6. En quatrième lieu, d'une part, si la requérante a obtenu des évaluations favorables au titre des évaluations antérieures et postérieures à l'année 2017, ces circonstances ne révèlent, à elles seules, aucune erreur manifeste d'appréciation de la manière de servir de Mme B en 2017, dès lors que chaque compte rendu d'évaluation professionnel se fonde sur un comportement adopté et des faits survenus au cours de l'année en cause. D'autre part, il ressort des pièces du dossier que la requérante ne suivait pas consciencieusement les instructions de sa hiérarchie, malgré les devoirs d'obéissance et de loyauté auxquels elle était tenue, y compris en cas de désaccord dans le traitement des dossiers qui lui été confiés. Dans ces conditions, et dans la mesure où la requérante ne produit aucun élément de nature à remettre en cause l'appréciation portée par sa hiérarchie, celle-ci n'est pas fondée à soutenir que son compte rendu d'entretien professionnel au titre de l'année 2017 serait entaché d'une erreur de droit et d'une erreur manifeste d'appréciation.

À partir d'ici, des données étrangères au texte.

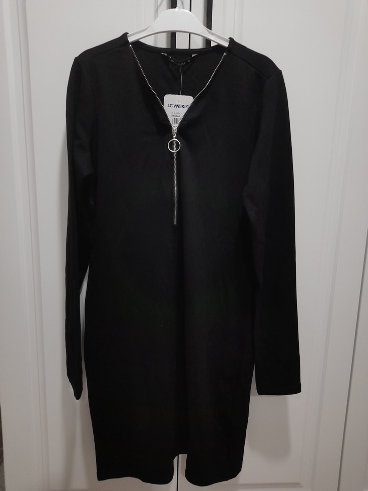Zincir detaylı, uzun kollu, bisiklet yaka, siyah fitted midi elbise. Yumuşak ve sıcak kumaştan, minimalist gotik tarzda. M beden etiketli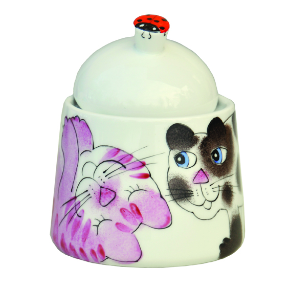 Details: handbemalte Zuckerdose runde Form rosa mit Katzenmotiv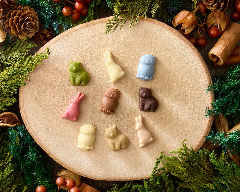可可魅力的特色是动物造型的迷你巧克力,其灵感来自轻井泽的四季和森林动物。每一块巧克力都是在工坊里精心制作的。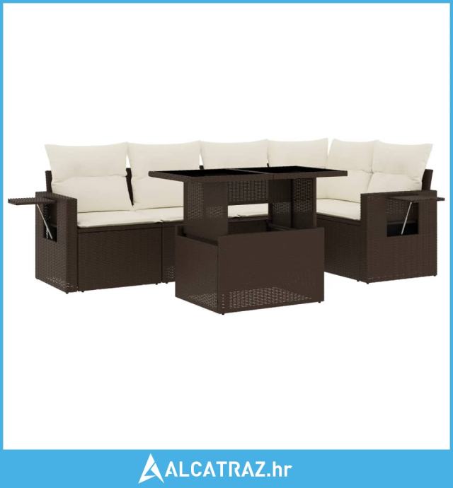 6-dijelni set vrtnih sofa od poliratana s jastucima smeđi - NOVO

7. En cinquième lieu, il ne ressort pas des pièces du dossier que le compte rendu d'entretien professionnel au titre de l'année 2017, qui s'appuie sur des éléments objectifs, constituerait une sanction déguisée.

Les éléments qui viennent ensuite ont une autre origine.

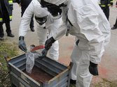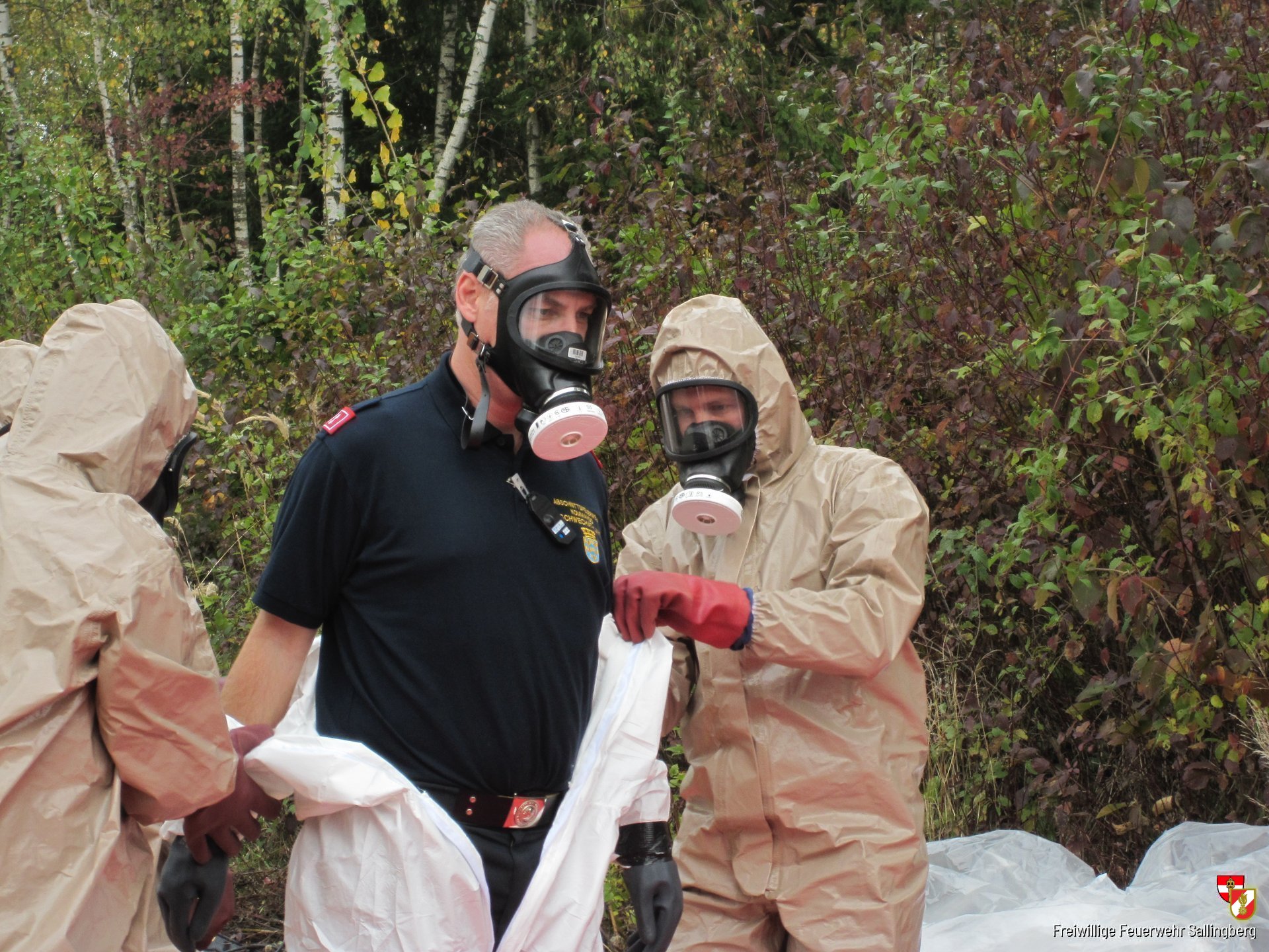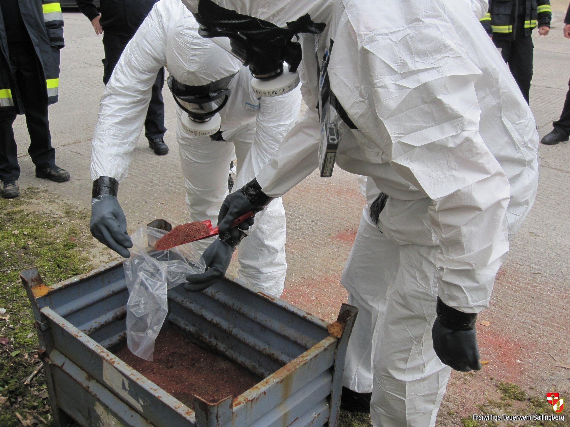 Bei den Probenahmen unter Schutzstufe wurde sehr hoher Wert auf das sorgfältige Anlegen des Schutzanzuges gelegt. Hierbei wurde unter größter Sorgfalt eine Bewuchs- bzw. Erdprobe genommen und verpackt. Dies dient im Ernstfall zur Feststellung der tatsächlichen radioaktiven Belastung der einzelnen Gebiete.

8. En sixième et dernier lieu, le moyen tiré de la méconnaissance du principe " non bis in idem ", à supposer qu'il soit soulevé par la requérante, n'est pas assorti de précisions suffisantes pour en apprécier le bien-fondé.

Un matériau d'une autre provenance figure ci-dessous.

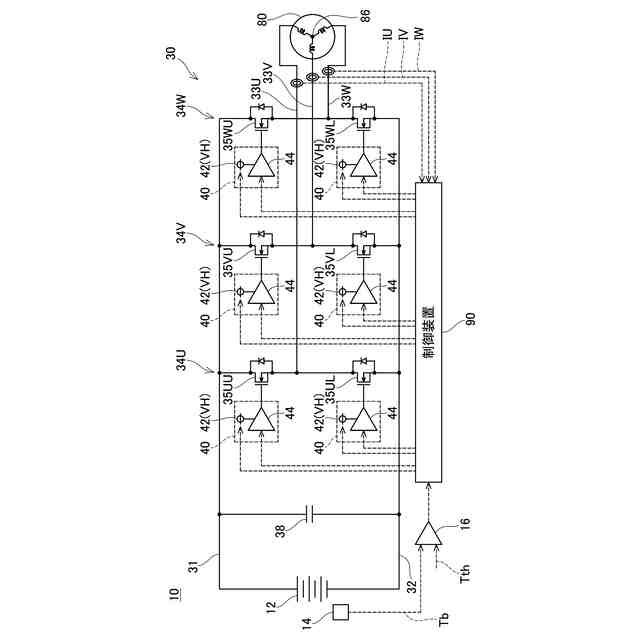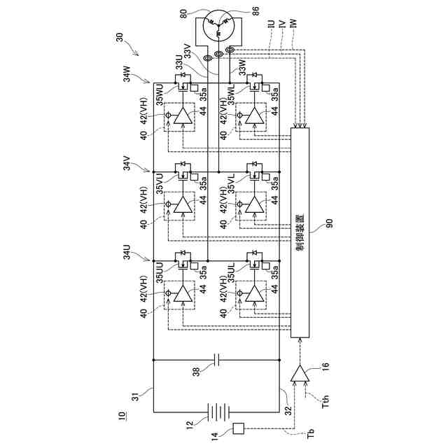 図1に示す電気回路10は、車両に搭載されている。電気回路10は、バッテリ12、インバータ30、モータ80、及び、制御装置90を有している。バッテリ12は、車両のメインバッテリであり、直流電力を出力する。モータ80は、三相モータであり、車両の駆動輪を回転させる。インバータ30は、バッテリ12から供給される直流電力を交流電力に変換してモータ80に供給する。これにより、モータ80が駆動輪を回転させ、車両が走行する。制御装置90は、電気回路10の各部を制御する。制御装置90は、1つの回路基板によって構成されていてもよいし、物理的に離れた位置に配置された複数の回路基板によって構成されていてもよい。

9. Il résulte de tout ce qui précède, sans qu'il soit besoin de se prononcer sur l'exception de non-lieu et la fin de non-recevoir opposées en défense, que les conclusions aux fins d'annulation de Mme B doivent être rejetées. Doivent être rejetées, par voie de conséquence, ses conclusions aux fins d'injonction et celles présentées sur le fondement de l'article L. 761-1 du code de justice administrative.

D E C I D E :

Article 1er : La requête de Mme B est rejetée.

Article 2 : Le présent jugement sera notifié à Mme D B et au ministre de l'intérieur et des outre-mer.

Copie en sera adressée au préfet des Bouches-du-Rhône.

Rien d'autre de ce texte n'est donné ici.